The FailSafe DMF plug-in enables DMF and its resources to be moved from one server to another when a FailSafe failover occurs. If the server that is running FailSafe DMF crashes, DMF fails over to another server along with its filesystems.
For more information, see the FailSafe DMF Administrator's Guide for SGI InfiniteStorage.
The Tape Management Facility (TMF) supports processing of labeled tapes, including multifile volumes and multivolume sets. These capabilities are most important to customers who run production tape operations where tape label recognition and tape security are requirements.
The FailSafe TMF plug-in enables TMF and its resources to be failed over from one server to another when a failure occurs.
For more information, see the FailSafe Version 2 TMF Administrator's Guide.
This section discusses the following:
This section defines the terminology necessary to configure and monitor highly available services with FailSafe.
A cluster is the set of systems (nodes) configured to work together as a single computing resource. A cluster is identified by a simple name and a cluster ID. There is only one cluster that may be formed from a given pool of nodes.
Disks or logical units (LUNs) are assigned to clusters by recording the name of the cluster on the disk or LUN. Thus, if any disk is accessible (via a Fibre Channel connection) from machines in multiple clusters, then those clusters must have unique names. When members of a cluster send messages to each other, they identify their cluster via the cluster ID.
You should choose unique names and cluster IDs for each of the clusters within your organization.
A node is an operating system (OS) image, usually an individual computer. (This use of the term node does not have the same meaning as a node in an SGI Origin 3000 or SGI 2000 system.) A given node can be a member of only one pool and therefore only one cluster.

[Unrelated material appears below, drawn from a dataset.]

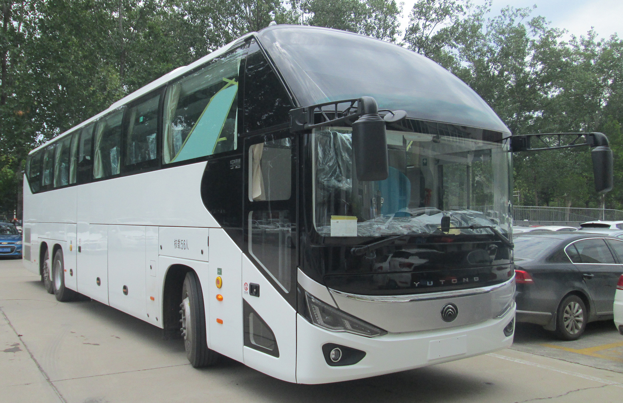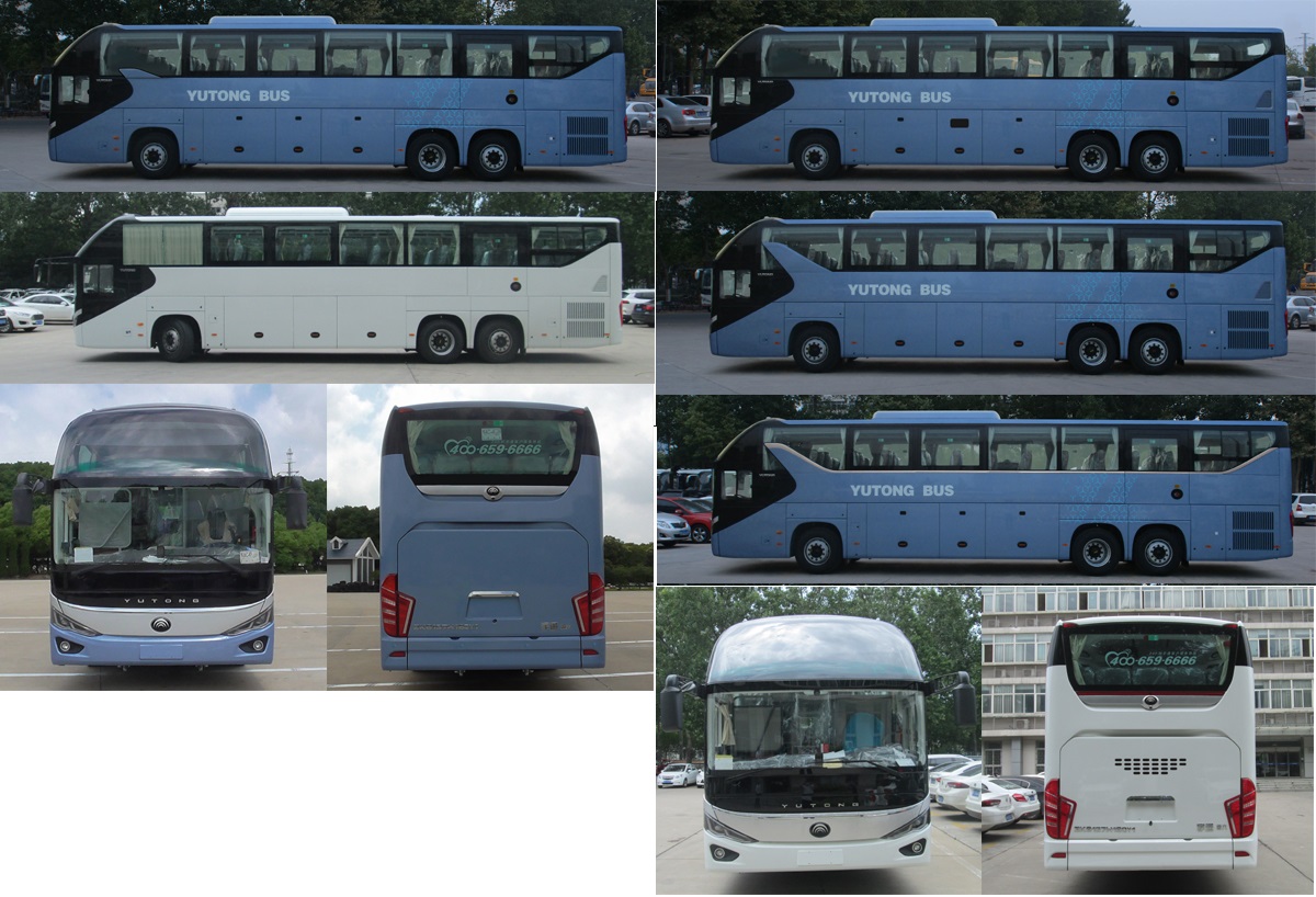 | 备注 | 1.选装低配时整备质量为14750kg,选装中配时整备质量为15050kg,选装高配时整备质量为15330kg,选装豪华配置时整备质量为15630kg;2.除外推窗外,可选装封闭式或局部推拉式侧窗或其它形式侧窗,乘客门可取消或选装推拉窗;3.可取消或选装不同型式侧围装饰件;4.可选装其它形式舱门,可选装或取消车身外表面加注口;5.可选装不同型号的视频监控系统、卫星定位终端和应急锤;6.选装电涡流缓速器时,缓速器上方有报警和隔热装置;选装液力缓速器时,缓速器上方无报警和隔热装置;7.该车的安全出口组成为:5个应急窗、2个乘客门、1个应急门、2个安全顶窗;8.选装不同配置(行李舱材料、结构等)对应不同的行李舱净高. | ||||||||||
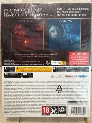 Juego para PlayStation 5, The Dark Pictures Anthology Volume 2. EDICIÓN LIMITADA COMPLETAMENTE DESCATALOGADO. INCLUYE LOSJUEGOS HOUSE OF ASHES THE DEVIL IN ME BARAJA DE CARTAS 2 PINES COLECCIONABLES MAPA EXCLUSIVO - Precintado de fábrica. - Incluye los títulos House of Ashes y The Devil in Me.

The pool is the set of nodes from which a particular cluster may be formed. Only one cluster may be configured from a given pool, and it need not contain all of the available nodes. (Other pools may exist, but each is disjoint from the other. They share no node or cluster definitions.)
A pool is formed when you connect to a given node and define that node in the cluster database using the FailSafe graphical user interface (GUI) or cmgr command. You can then add other nodes to the pool by defining them while still connected to the first node, or to any other node that is already in the pool. (If you were to connect to another node and then define it, you would be creating a second pool).
Figure 1-2 shows the concepts of pool and cluster.
The cluster database contains configuration information about resources, resource groups, failover policy, nodes, clusters, logging information, and configuration parameters.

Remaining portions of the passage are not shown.